As far as news goes, I am not sure where to start. No doubt the most significant happening for Renaissance Dyeing in April was that Ann the winner of the Great British Sewing Bee wore the Bohemian Rhapsody to the studio on week 3. You can see her wearing it here between 2 - 4 minutes into the video. It is wonderful to see the scarf being worn by such a competent needle woman. Although the scarf was not mentioned there are a lot of you who seemed to have known it and decided to make one for yourselves.
Which brings me back to the roof mentioned in my last blog post. When the tiles and boards were finally off, it revealed a network of old rotting oak beams as rugged and undulating as the mountains in the background. Over a 100 years ago in the Ariege everyone in the community would have built their houses together and although they were quite proficient at the masonry, the carpentry usually left much to be desired. The beams to support our roof were rather higgledy piggledy which caused a few extra problems. Nonetheless it had survived for well over a 100 years but now had to be replaced. Like a lot of the Ariegeoise barns this was really a house with the animals living on the ground floor and the people on the first. You can still see where the fireplace was on the back wall of this north facing barn.

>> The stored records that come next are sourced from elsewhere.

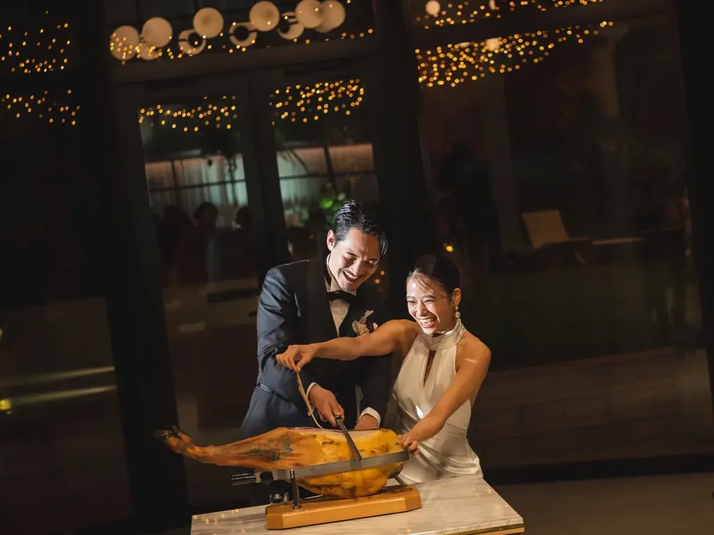 通常の結婚式での共同作業演出であるケーキ入刀に対し、おふたりはその定番を避けたいという希望を持っていました。そこで、番組で何度も登場した「生ハム」を象徴的に取り入れる案が採用されました。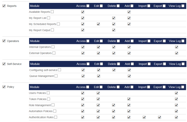 To remove a role's access to the Operator tab and all of its modules, deselect the Operators check box in the Operators section.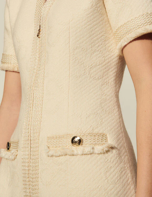 Vestido De Mujer Sandro • Vestido Corto De Tweed De Jacquard Doble S • Escote En V Bordado Con Un Pasamano • Manga Corta Con Acabado De Pasamano Y Flecos • Bolsillos De Ojal En La Parte Delantera Con Acabado De Pasamano Y Flecos • Cierre De Cremallera En El Centro De La Parte Delantera • Largo Hasta La Mitad Del Muslo • La Modelo Lleva La Talla 36Référence : Sfpro01443 Composición Tejido Principal: 56% Lana, 22% Acrílico, 12% Poliamida, 8% Algodón, 2% Poliéster Forro: 100% Poliéster Forro Bolsillos: 100% Algodón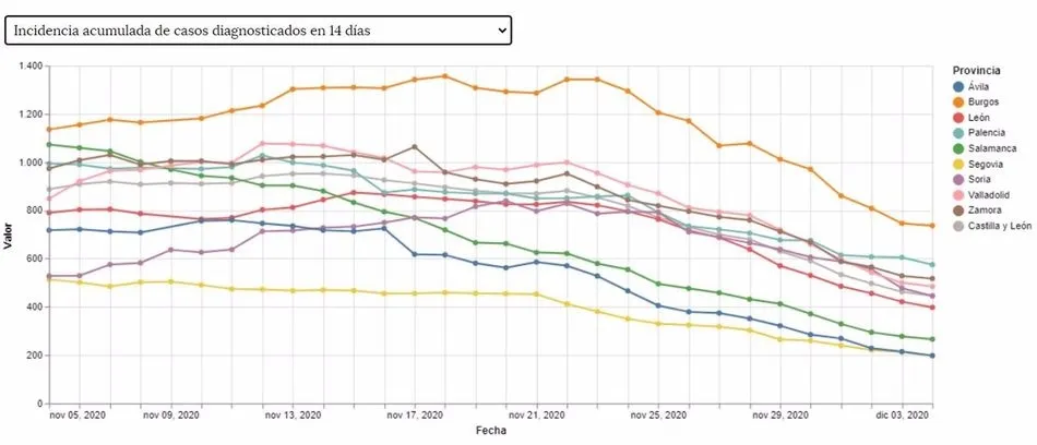 Así lo muestra la estadística que ofrece la Junta de Castilla y León en la web de Datos Abiertos, donde se refleja un acusado descenso de más de 250 casos por cada 100.000 habitantes en una semana, de los 700 del pasado viernes 26 a 445 de este viernes, 4 de diciembre.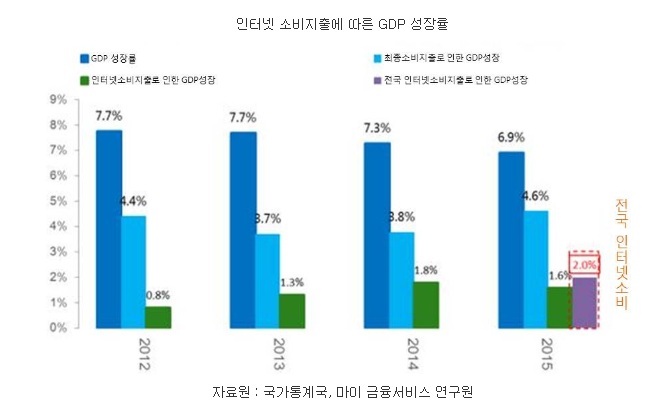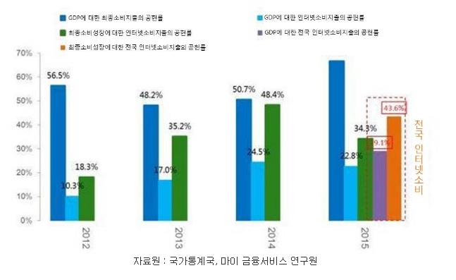 - 경제성장이 둔화됐음에도 2015년 GDP에서 소비가 공헌하는 비율이 66.7%를 차지했고, 그 중 중국 전국의 인터넷 소비지출이 GDP 공헌비율의 29.1%를 차지했음.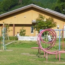 屋外は芝生のスペースに遊具も有りちょっとした公園のようになっています。
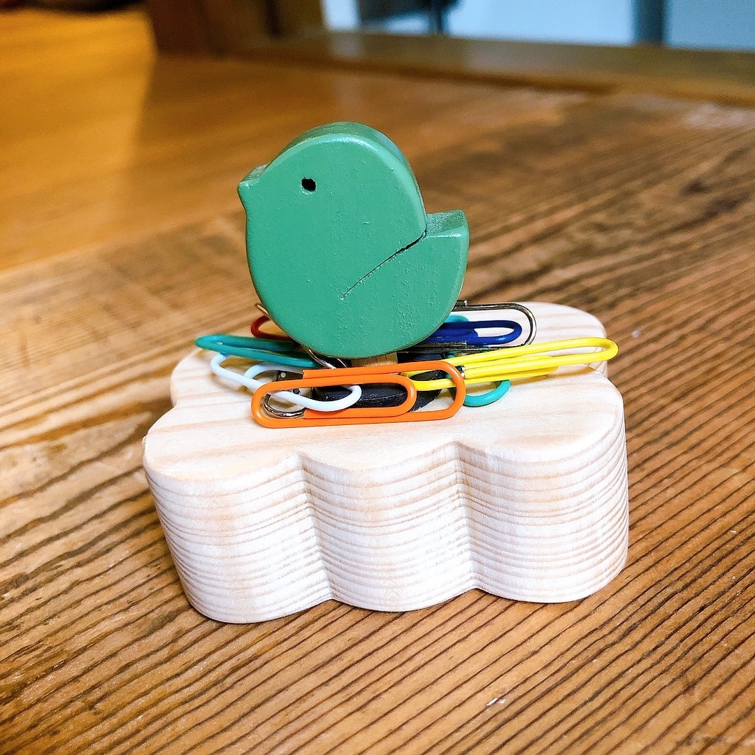 ことりの巣【グリーン】輪ゴムクリップホルダー/埼玉県産ひのき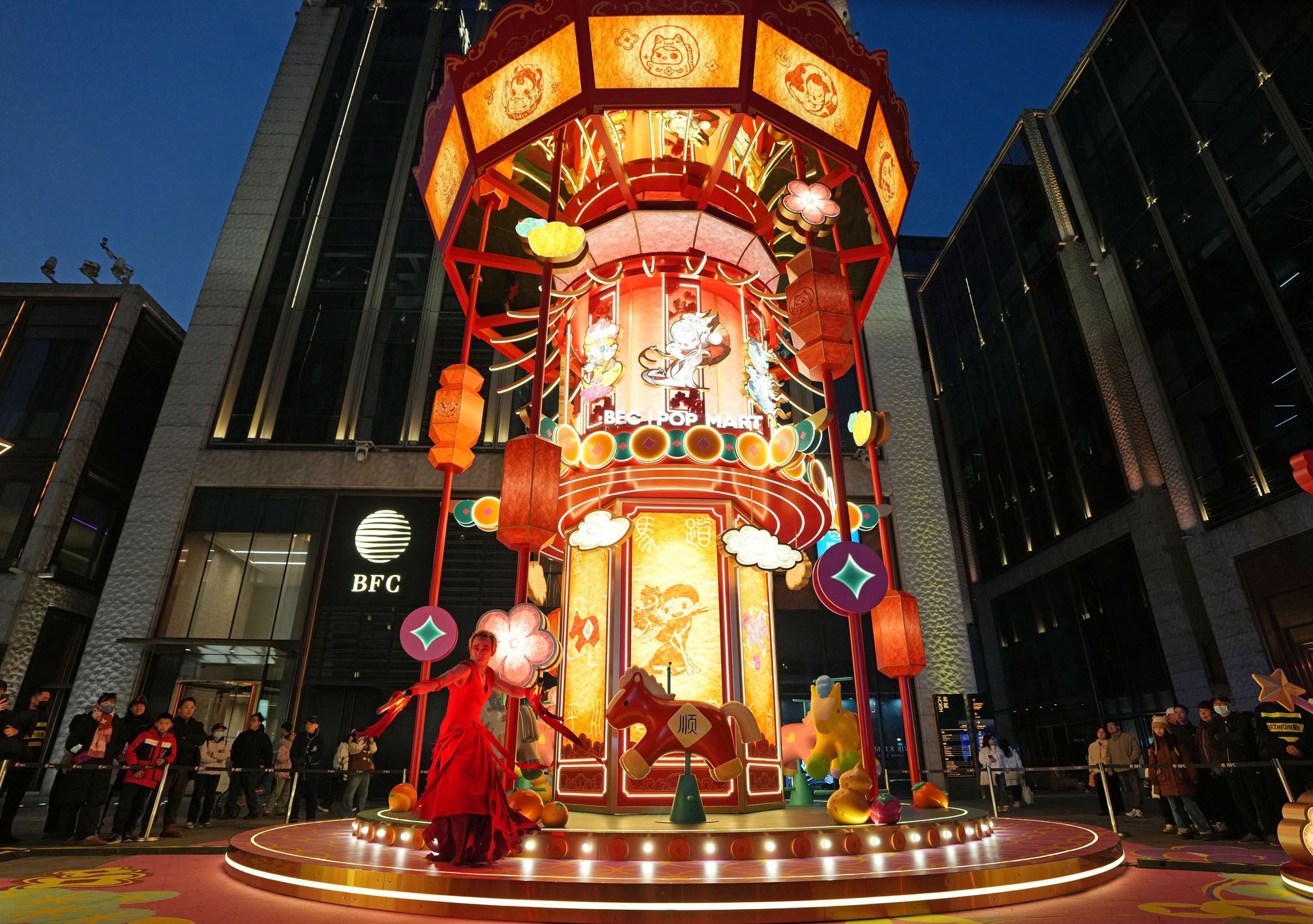 图为2月1日晚,宫灯造型的旋转木马装置在BFC外滩金融中心前点亮,启动新春游园会。

A few weeks later and the tiles were back on again but not quite, as we had run out. The tiles on the right are the ones that were rescued from the original roof, the rest have been used as hard core at the back of the house. The tiles on the left were found in the garden as no self-respecting roof owner in these parts would be without a few spares. But still we had to look for more and they are a very old style so it was not too easy. Now the roof was back on we could put in the concrete floor, you can see the lorry on the left below.
Levelling the floor called for good coordination between the levellers and a strong pair of boots.

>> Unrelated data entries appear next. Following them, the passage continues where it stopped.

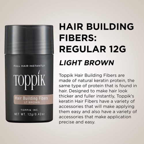Toppik gives the instant appearance of a thick, full head of hair. Toppik Hair Building Fibers are made from natural Keratin of the highest grade, the same type of protein found in real hair, which makes it look completely natural and undetectable. These natural Keratin fibers have an innate static charge that ensures they adhere to any type of hair—even the finest of hair—and resist wind, rain and perspiration.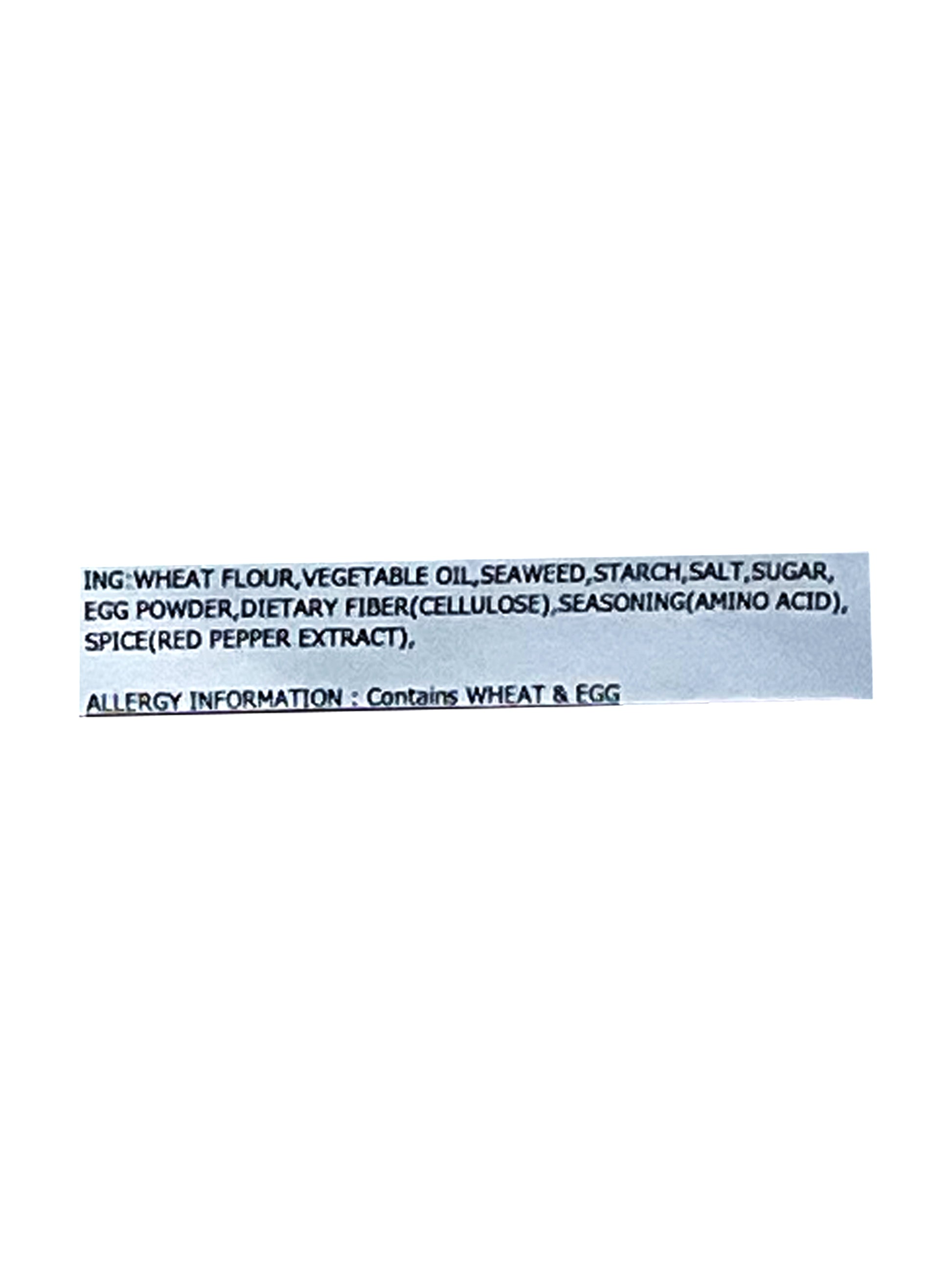 Main Ingredients: Wheat flour, vegetable oil (such as soybean, rapeseed, sesame, palm, or rice bran), seaweed (nori), starch, sugar, wasabi spices (for wasabi flavor), egg white, spices, and seasonings.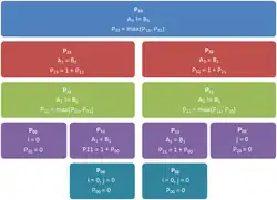 Let Pij be the length of the longest common subsequence for the first i elements of A and the first j elements B.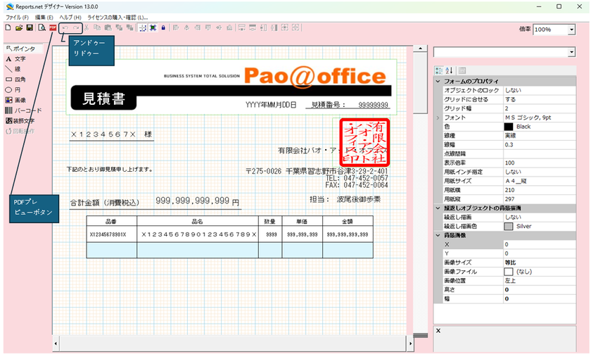 そして、今回新たに追加されたPDFプレビュー機能により、帳票デザイナーのツールバーからワンクリックで、実際にPDFに出力したときの状態を事前に確認できるようになりました。前述のPDFフォント埋め込み対応と組み合わせることで、「デザイン → PDFプレビュー → 微調整」という快適なワークフローが実現しています。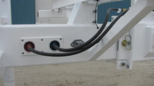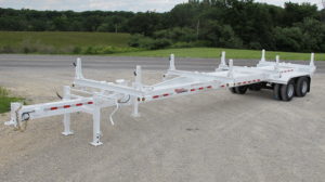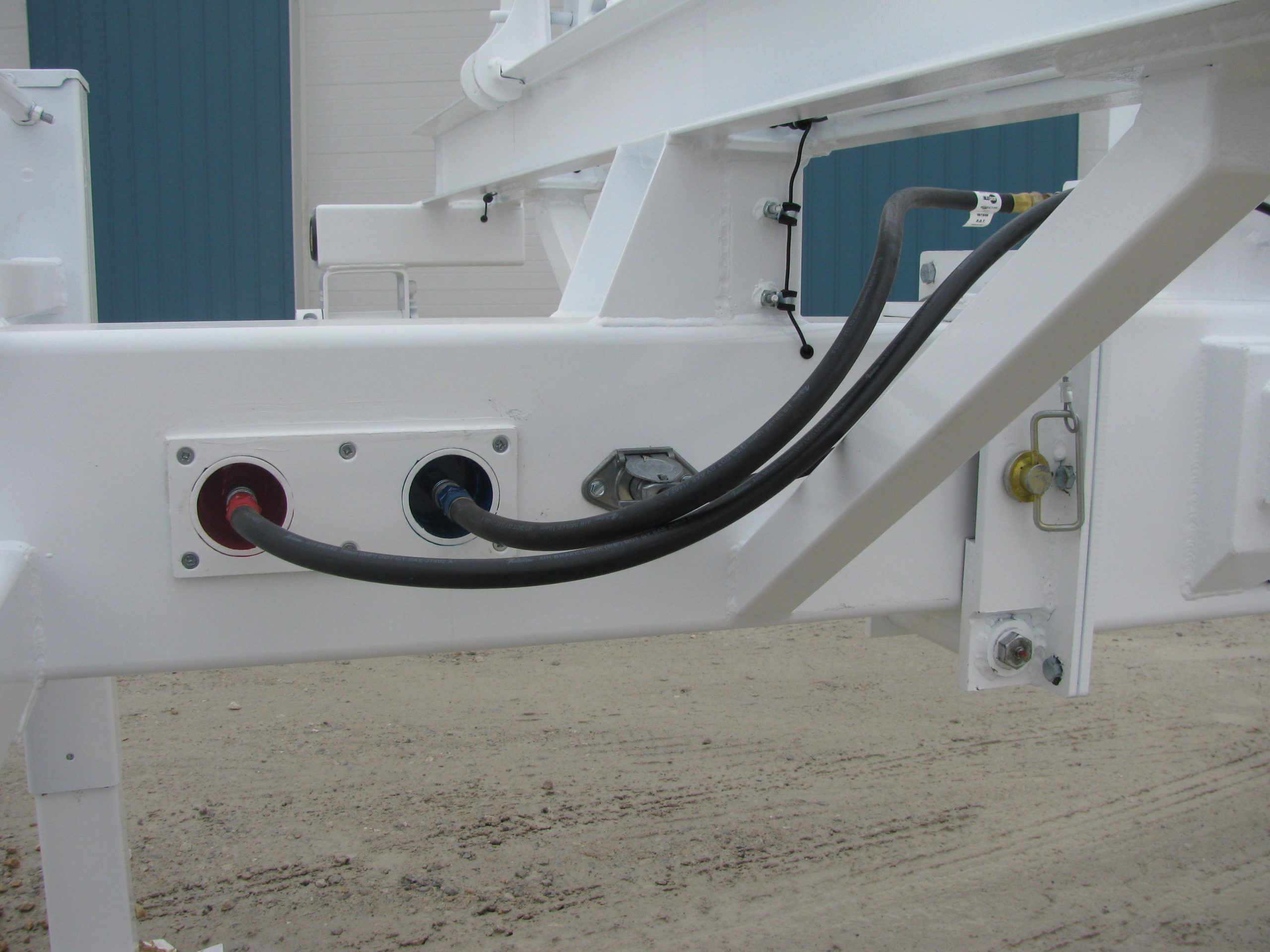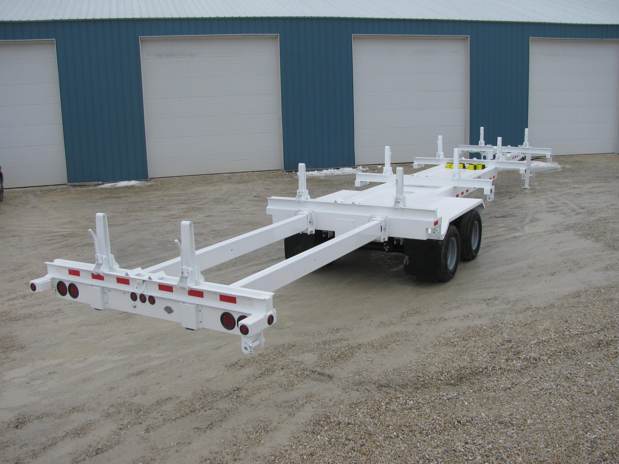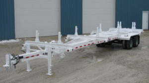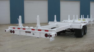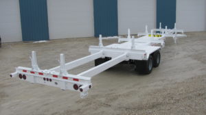 Front Bolster: Non-adjustable 5″ double “C” fabricated bolster (95″ wide) with 21″ lever lock stanchions on extendable tongue

Finally, we fetched our dear old machines from Lieurac, not a job for the timid and as you can see we found some roof tiles!

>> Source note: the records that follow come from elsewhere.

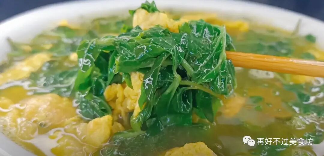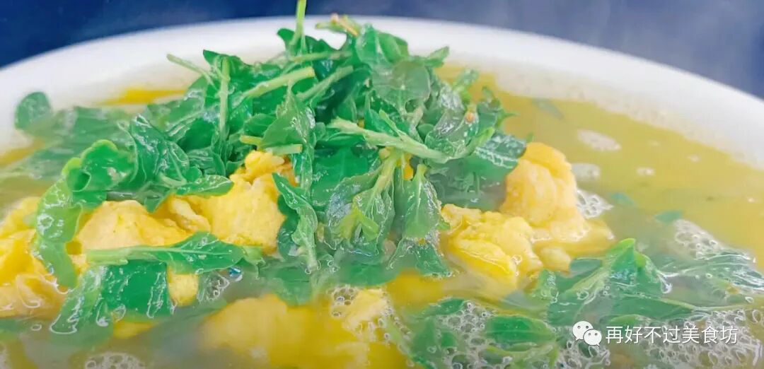 7、就这样,一份鲜香脆嫩爽口的枸杞尖鸡蛋汤就做好了,营养价值和实用价值,都非常的高,春季一定要来上这么一碗枸杞尖鸡蛋汤,清热明目、爽口,整个人都神清气爽了。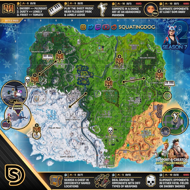 今週は、さまざまな名前の場所でチェストを検索し、さまざまな武器タイプで対戦相手にダメージを与え、Snobby Shores または Fatal Fields で対戦相手を排除し、名前付きエリアを訪れ、ピアノで楽譜を演奏し、放棄された邸宅でダンスを競い合い、排除します離れた相手!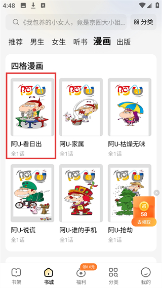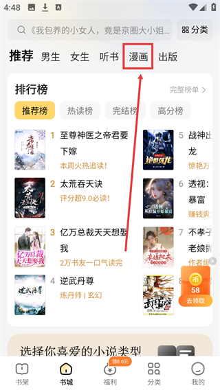 1、在【书城】页面,点击顶部【漫画】分类标签,即可切换至漫画内容的展示界面。

The whole adventure took us well over our tight budget, a gap which was bridged by the unexpected sales of the Bohemian Rhapsody. So thank you Mary Lena, Ann and of course all of you, our dear customers. We have named the barn Ann's Barn.
Once the barn has electricity we can get back to winding more wool for you.
Meanwhile one of the old proprietors has dropped in to inspect the electricity in the dye-house
P.S. Many of you have asked if I will be giving dyeing courses this year. Not here this year but I have been invited to teach for 2 weekends by The Wool Box in Italy. The first weekend is the first in June and will cover natural dyeing right from the start with wool preparation, mordanting and natural dyeing yellows and reds, including with locally found plants. The second weekend will be in September working again with local plants and 2 types of indigo vats including the organic indigo vat. Courses are in English with an Italian translation. Only 12 places.
Monique on 05/13/2013 6:48 p.m.
Thank you. Very nice!!
but you will be teaching en Ariege in the future, right? 2014 maybe?
Andie Luijk on 05/13/2013 9:01 p.m.
I don't know at the moment Monique. I really like to pass on the know how of natural dyeing however It is quite a undertaking to organise all the accommodation and catering. I will see what I can do. Best Andie
Kate Wallace on 05/13/2013 10:29 p.m.
Ann looked so elegant in her Bohemian Rhapsody. She thoroughly deserves to have your barn named after her. It sounds like a few more Anns in your life would be helpful. Kate Middleton is the only one that springs to mind. I read a comment somewhere that she wants to learn to knit.